Most of the traditional risk analysis methods only consider the randomness of the factors which affect the stability of earth–rock dams. However, due to the complexity of factors influencing the stability risk of a dam, the fuzziness of various factors should be considered. In this paper, a fuzzy risk model of instability failure of earth–rock dams based on the fuzzy set theory was established through comprehensively considering the randomness and fuzziness of the risk factors. The fuzzy variable was transformed into an interval number by the use of the level cut set, then the Monte-Carlo method was employed to calculate the risk probability. Based on the risk analysis of instability failure of the Longxingsi reservoir dam, both the upper and the lower limits of the risk probability were found to be on the dangerous side.
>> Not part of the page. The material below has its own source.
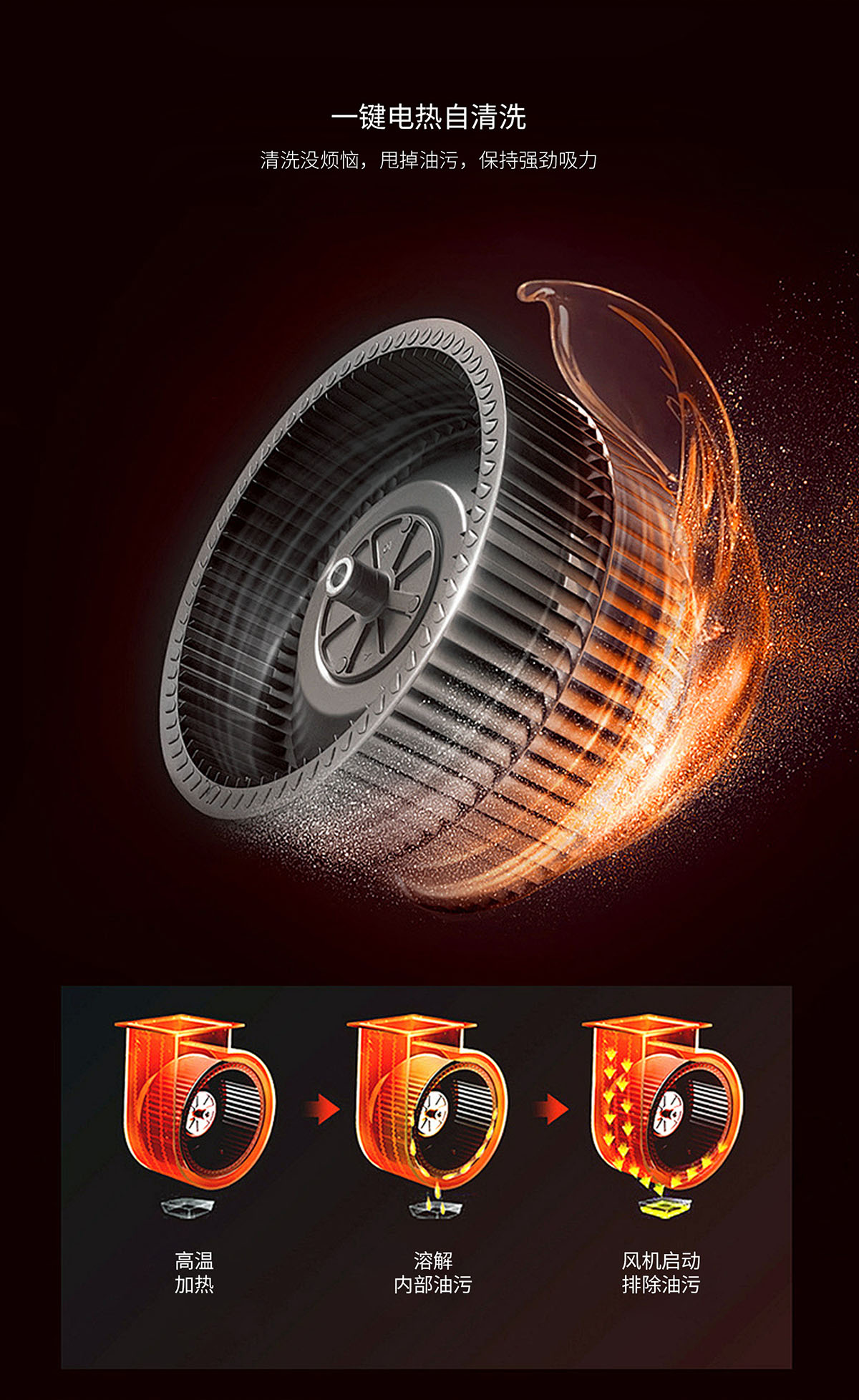• 電熱自清洗,甩掉油污,保持強勁吸力

The safety assessment evaluated the dam structure stability as grade C, which is consistent with the conclusion of the dam safety appraisal. The parameters used in this method are in good agreement with those of the traditional methods. Solving the model does not present significantly increased difficulties to researchers investigating the cracking and failure risk of traditional earth–rock dams. Compared with the risk value determined by the traditional risk analysis method, the risk interval value obtained by this method is more in line with engineering practice and provides a new possibility for risk assessment by relevant scholars and government departments, as well as reference and support for dam risk management.